At the very least, she could be there for Andy, to offer her silent support as Andy had done for her so many times over the last few weeks. Kate put her hands lightly on Andy’s shoulders, just a gentle pressure to let her know she was there. She felt Andy’s body tense, and was sure Andy had barely resisted moving away from her touch. Kate let her hands fall, a sick, useless feeling in her stomach. Andy reached up and tried to catch her hands, but Kate let them slip out from underneath and walked away again.
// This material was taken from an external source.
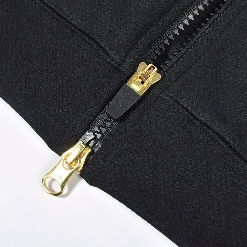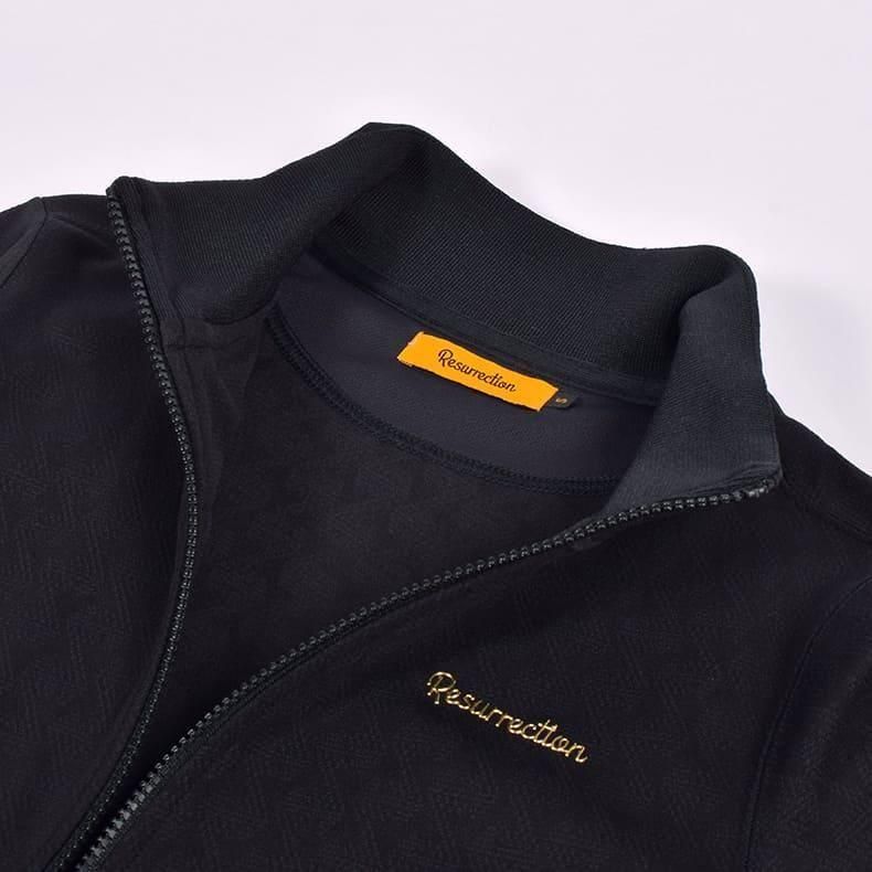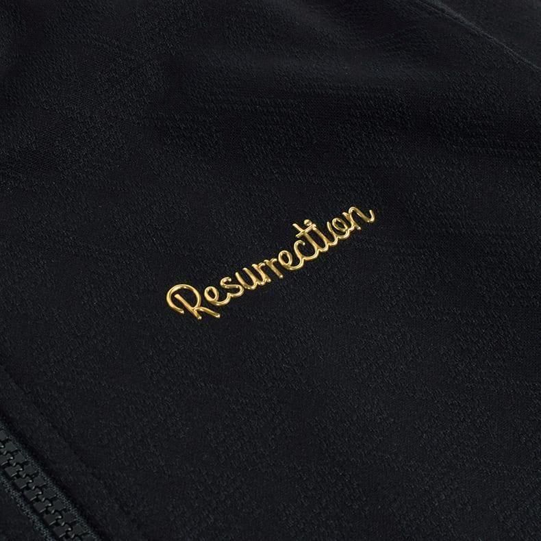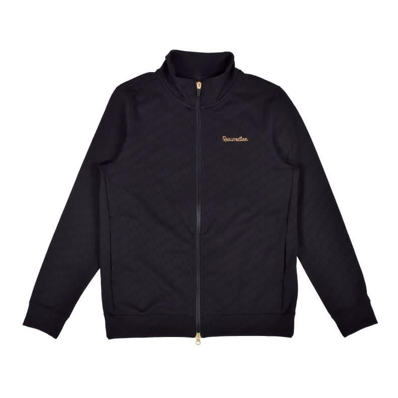 フロントジッパー仕様のスタンドカラーで、ストレッチ性のある生地感。そこに、レザレクション柄を編みで表現したオリジナルファブリックを落とし込むことによりレザレクションらしいジャケットが完成いたしました。

  Walking into the bathroom, she quietly closed the door behind her. She started the bath, welcoming the loud creak of the pipes, the splash of the hot water against the cold tub, drowning out the silence. She took off her clothes, leaving them in a pile behind the door, and sat in the tub before there was much more than a few inches of water. When it was almost full, she turned off the tap with her foot, hearing Andy’s muted voice through the water. There were no distinct words, just the familiar tones of her voice.

  With just her head above the water, Kate looked down at her body, examining it as she had done earlier with her hands. She inspected the folds of her body, the curve of her waist, the shape of her legs, the lack of colour in her pale white skin. Kate wished she could see her face, to go through the same scrutiny, to refamiliarize herself with her own reflection. She wished she could empty the contents of her brain, of her memory. Wished she could inspect and sort, identify and examine. Maybe then she could find something familiar, to connect all these pieces of herself into some semblance of a whole being.

  Kate heard Andy’s tread on the floor, light thumps as she crossed the room. A moment later, the door to the bathroom opened. Andy came in, her shirt untucked, her beltless pants low on her waist. She sat on the edge of the bath and leaned back against the tile wall. Kate was still, watching Andy’s cautious face.

  “I’m sorry,” Andy said, and her voice sounded so loud in the silence.

  Kate nodded but didn’t speak. What did Andy have to be sorry for? She wasn’t the one fucking up at every point, reading every situation wrong.